Finance Ministry Issues Corrigendum to IT Bill, Clarifies Interest on Advance Tax Short-Payment

Last updated: 14 August 2025


The Finance Ministry has issued a corrigendum to the Income-tax (No. 2) Bill, 2025, bringing clarity to the provisions for charging interest on shortfalls in advance tax payments. The update, issued on August 11, 2025, aligns Clause 425 of the Bill with the existing rules under the Income-tax Act, 1961.

As per the corrigendum, the "3 percent" interest mentioned in the provision refers to 1% per month for three months for each instalment shortfall, exactly as stipulated in the previous law. This means that if a taxpayer misses the quarterly advance tax deadline - even by a single day - interest will be charged for a minimum of three months on the shortfall.
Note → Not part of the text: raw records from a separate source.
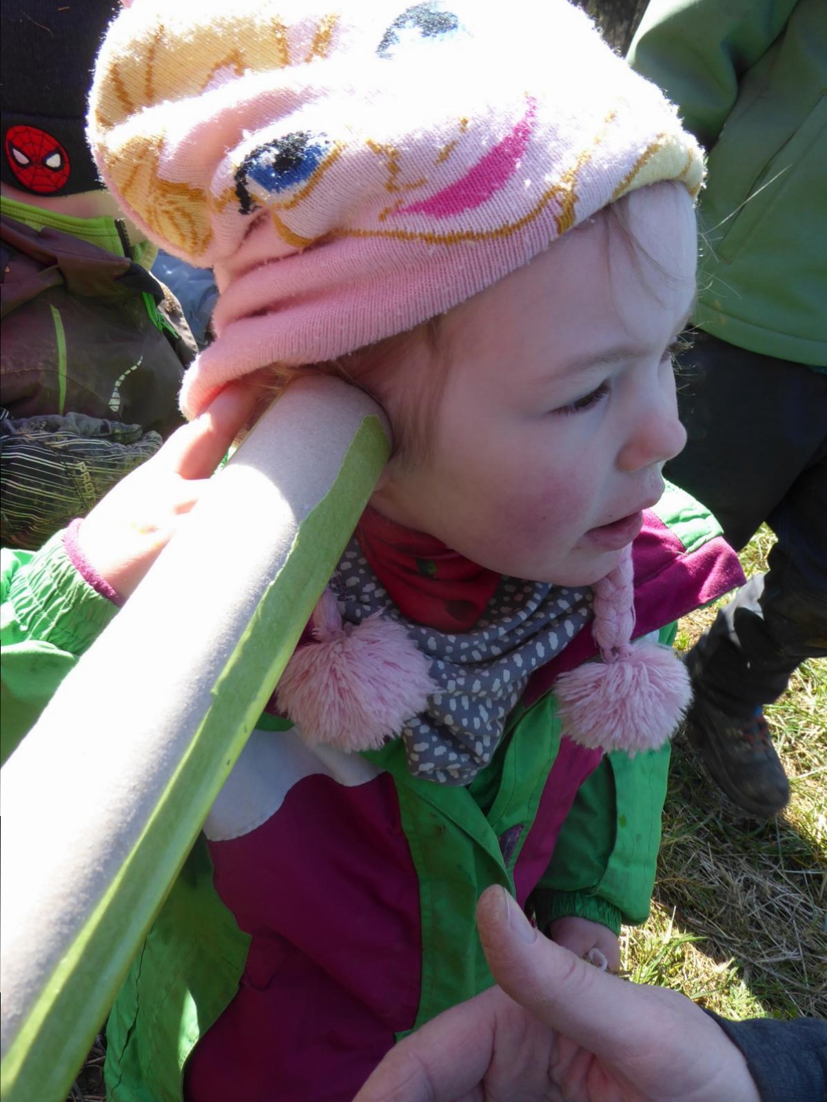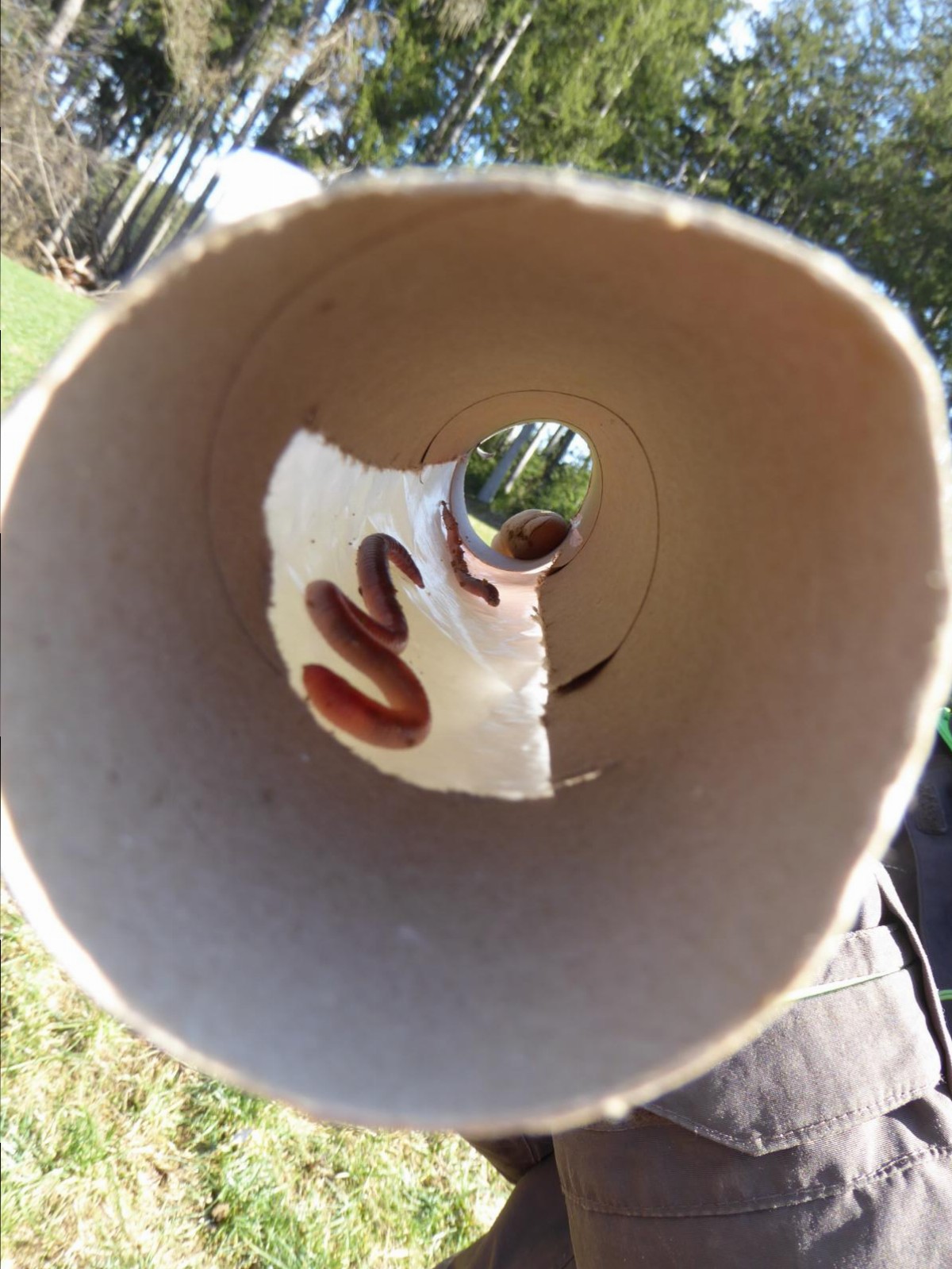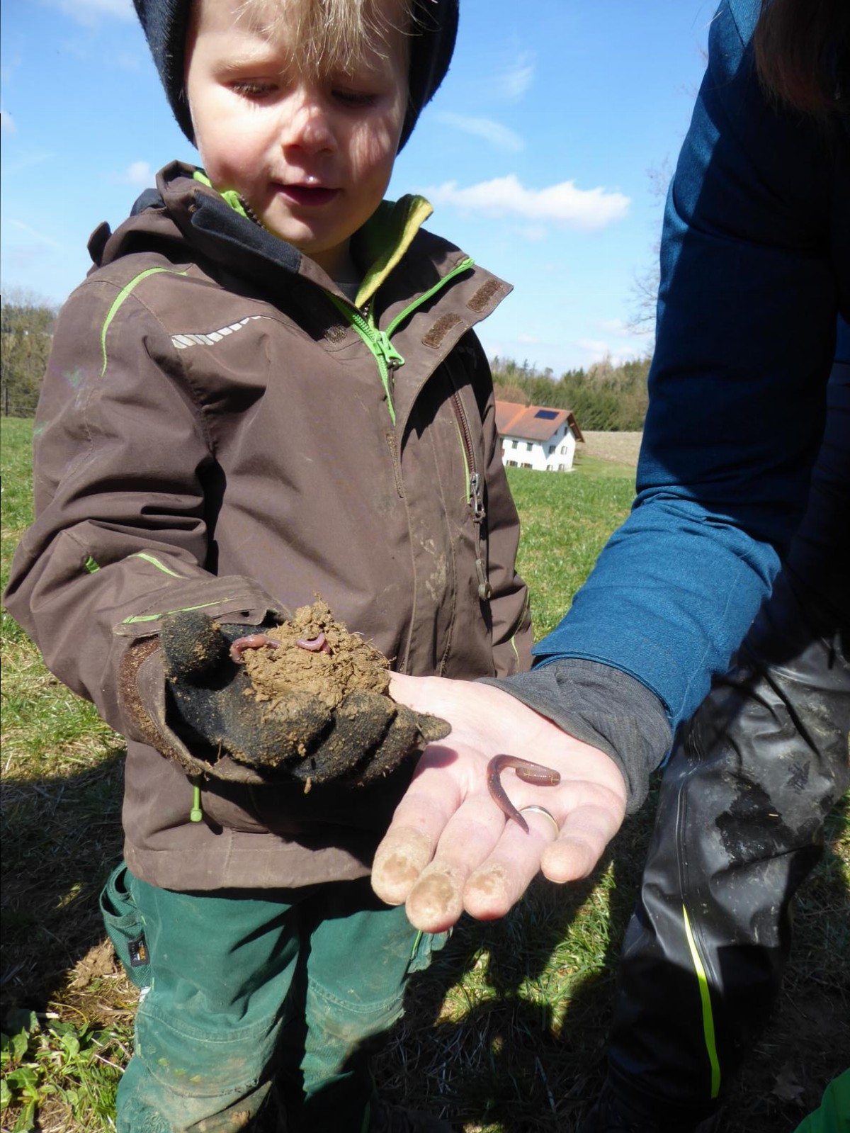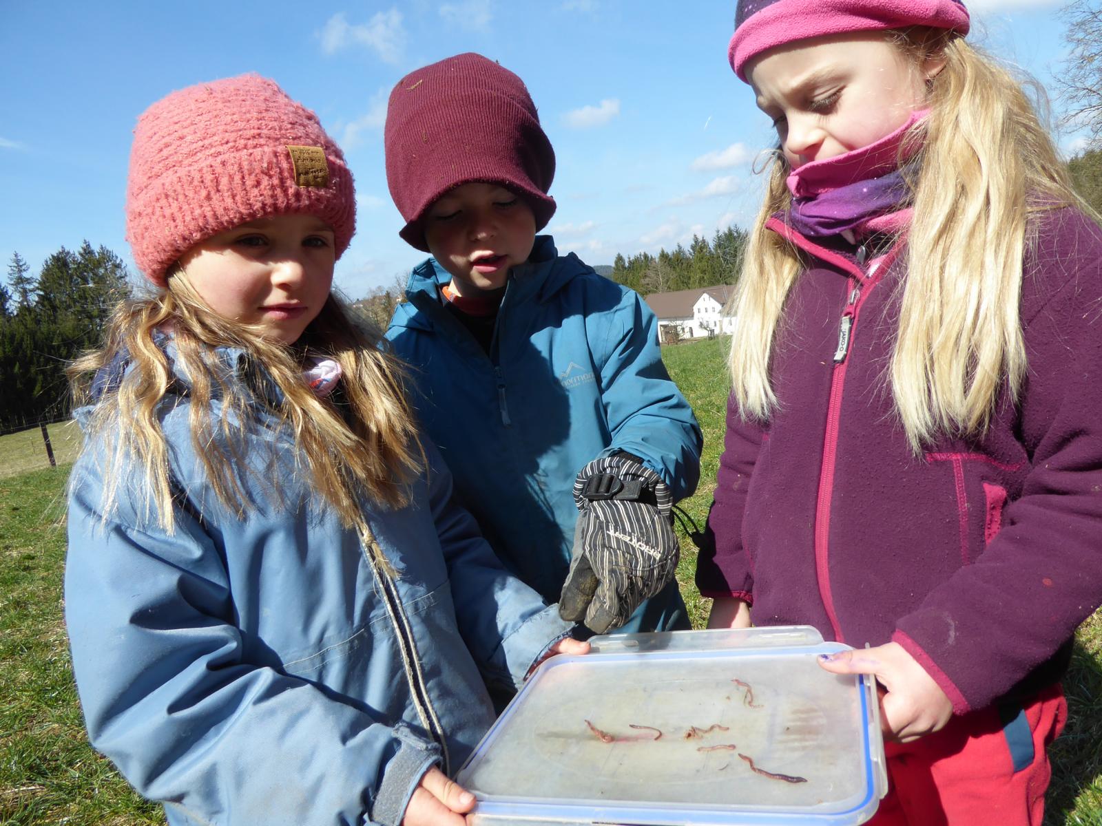 Zu jedem Geburtstag, der im Wald gefeiert wird, laden die Waldlauser die kleine Eule Schuschu ein. Die berichtet von ihren Freunden, die sie im Wald gefunden hat - und da gibt es jedesmal Erstaunliches zu hören. Bei einem ihrer Besuche erzählte Schuschu von den Regenwürmern, die nun vermehrt wieder an der Erdoberfläche zu finden sind. Dass Regenwürmer die Erde lockern und düngen, dass sie Blätter unter die Erde ziehen und herauskommen, wenn es zu stark regnet, da sie sonst in ihren Wurmgängen ertrinken würden, dass wussten die Waldlauser schon. Dass Regenwürmer das 60-fache ihres Körpergewichtes beim Graben stemmen können und sogar „Füße“ haben, brachte die Kinder zum Staunen. Gemeinsam machten sich die Waldlauser auf Wurmsuche und förderten aus der Erde große und kleine Exemplare zu Tage. Eingehend wurden sie betrachtet, die dicken Ringe entdeckt, die zur Fortpflanzung nötig sind und überlegt, wo denn vorn und hinten sei. Mittels einer präparierten Papierröhre konnten dann auch die Geräusche vernommen werden, die die kleinen Borsten erzeugen, mit denen sich die Würmer fortbewegen. Schweren Herzens wurden die Erdbewohner schließlich wieder in die Freiheit entlassen und verschwanden zügig in der feuchten Erde. Das hatten die Waldlauser vorher der Eule Schuschu versprochen…..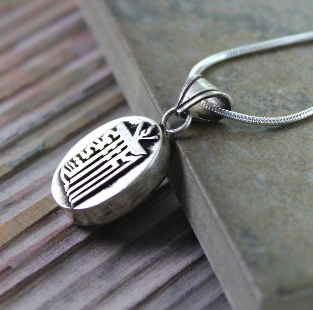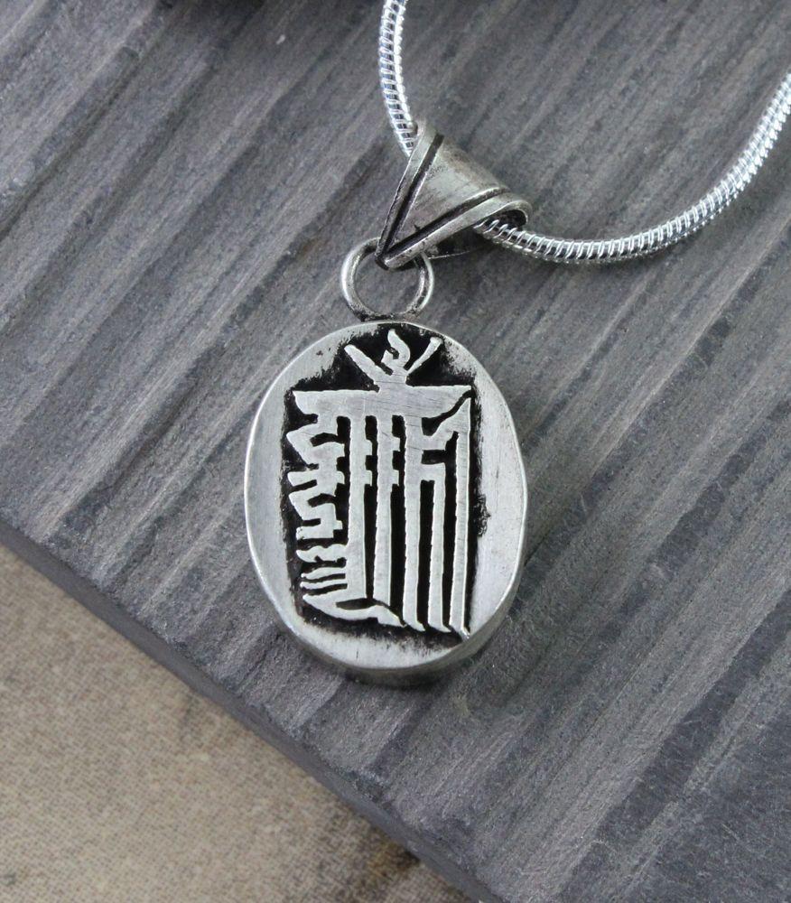 A solid sterling silver amulet box (gau) with the Kalichakra symbol on the outside.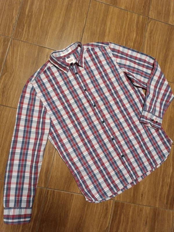 Коттоновая рубашка в клетку от Levis. Размер L. Замер: плечи 46см, пог 57см, длина 72/75см, рукав 65см, бицепс 23см, пот 56см воротник 43см.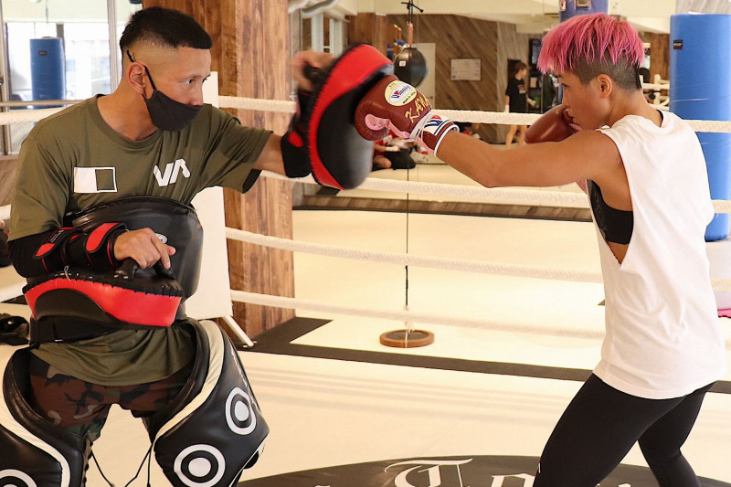 大宮司進会長の持つミットへ強烈なパンチを打ち込むKANA(C)K-1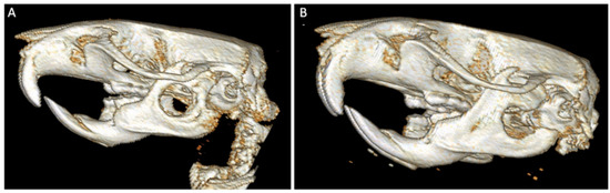 One month after surgery, qualitative and semi-quantitative CT analysis of the control group demonstrated mild to moderate periosteal reaction, absent to mild medullary sclerosis, absent to mild soft tissue swelling, and no evidence of bone lysis or bone healing. CT analysis of the experimental group demonstrated mild to moderate periosteal reaction, mild medullary sclerosis, absent to mild soft tissue swelling, and no evidence of bone lysis or healing. Qualitative CT analysis also demonstrated variation in defect placement (Figure 5), including defect placement that extended off the caudal border of the mandible and placement that extended into the oral cavity.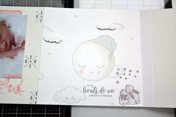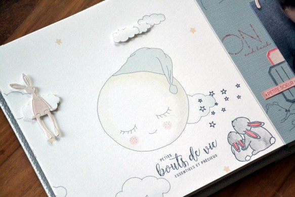 Sur la page suivante, avant de coller la page avec la lune, j’ai réalisé le tampon « Famille lapin ». J’ai colorisé les lapins au néocolor noir très dilué et les oreilles au feutre rose. Dans le même papier, j’ai recoupé des nuages que j’ai collés au 3D fin. La découpe « doudou » est collée sur le nuage.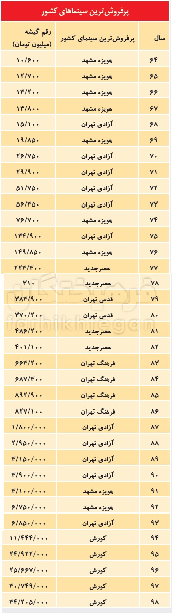 پرفروشترین سینماهای کشور

Finance Ministry Issues Corrigendum to IT Bill, Clarifies Interest on Advance Tax Short-Payment

For example:

  • If the first instalment (15% of annual liability) is due by June 15 but is paid on June 16, interest will still be levied at 1% per month for three months, not just for the delay period.

Tax experts say this amendment removes the ambiguity in the Bill. 

Updated Advance Tax Structure

Period Cumulative Tax Due Interest on Shortfall
By June 15 15% 3%
By September 15 45% 3%
By December 15 75% 3%
By March 15 100% 1%

Interest is calculated on the shortfall amount after deducting any advance tax already paid before the due date.

Illustration: If a taxpayer's total annual advance tax liability is Rs 5 lakh:

  • By June 15, they must pay Rs 75,000 (15%). If they pay only Rs 50,000, the Rs 25,000 shortfall attracts Rs 750 interest (Rs 25,000 × 1% × 3 months).
  • By September 15, the cumulative amount should be Rs 2.25 lakh. If only Rs 1.70 lakh is paid, the Rs 55,000 shortfall attracts Rs 1,650 interest (Rs 55,000 × 1% × 3 months).
  • Total interest payable for both instalments: Rs 2,400.

Advance tax applies to individuals, companies and entities with an annual tax liability of Rs 10,000 or more, payable in four instalments during the financial year. Senior citizens without business income are exempt.

The clarification is particularly relevant for taxpayers who underpay or miss deadlines, as interest costs can accumulate significantly over the year.